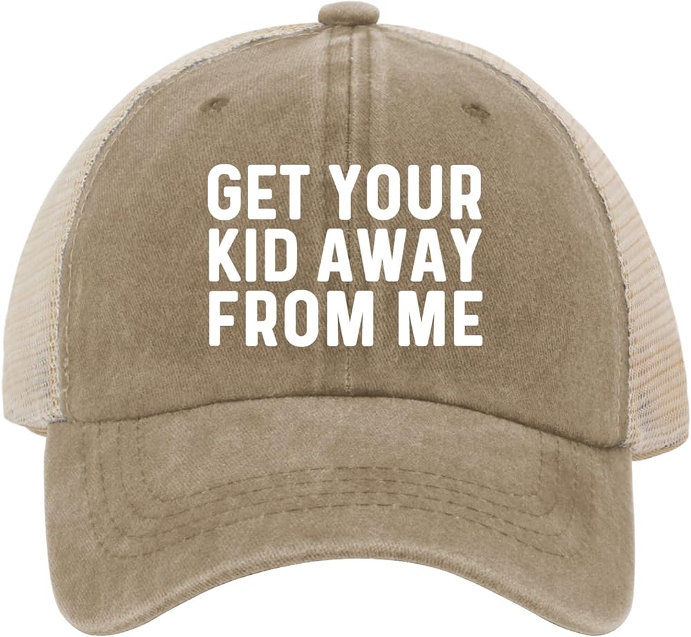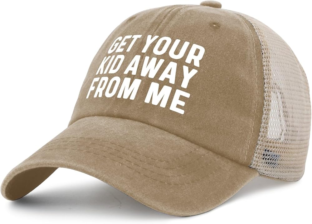 Trucker Hat GET YOUR KID AWAYS FROM ME Hat Trucker Hat Women Vintage Mesh Cap for Men and Women Breathable Hat for Summer, Vintage Trucker Hat Washed Denim Baseball Cap Unisex Snapback Adjustable Hat
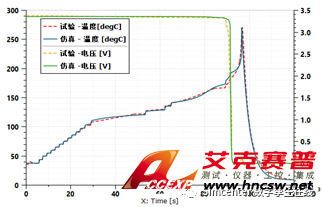 Amesim中能夠根據(jù)電池用ARC對(duì)熱失控進(jìn)行絕熱的熱失控實(shí)驗(yàn)數(shù)據(jù)來分析電池的熱失控過程,標(biāo)定電池?zé)崾Э剡^程中的溫度變化和電壓變化。
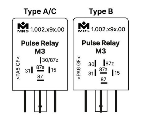 Pulse relays M3 are used when loads are to be switched on or off for a defined time. Please specify the desired impulse time when ordering. Circuit diagram S1 and S2: operating voltage is applied to terminal 30. If the voltage is set at Terminal 15, the relay will immediately pull in for the specified time and then fall off again. The duration of the control signal has no effect on the output pulse duration (i.e. the relay is not retriggerable).
◆ ◆ ◆ ◆ ◆ ◆ ◆
Problem statement
Keep the pictures out of your copy. Copy only the lines from the line that holds "Amesim中能夠根據(jù" through the last line of the listing above, both included.

Reply
 Amesim中能夠根據(jù)電池用ARC對(duì)熱失控進(jìn)行絕熱的熱失控實(shí)驗(yàn)數(shù)據(jù)來分析電池的熱失控過程,標(biāo)定電池?zé)崾Э剡^程中的溫度變化和電壓變化。
 Pulse relays M3 are used when loads are to be switched on or off for a defined time. Please specify the desired impulse time when ordering. Circuit diagram S1 and S2: operating voltage is applied to terminal 30. If the voltage is set at Terminal 15, the relay will immediately pull in for the specified time and then fall off again. The duration of the control signal has no effect on the output pulse duration (i.e. the relay is not retriggerable).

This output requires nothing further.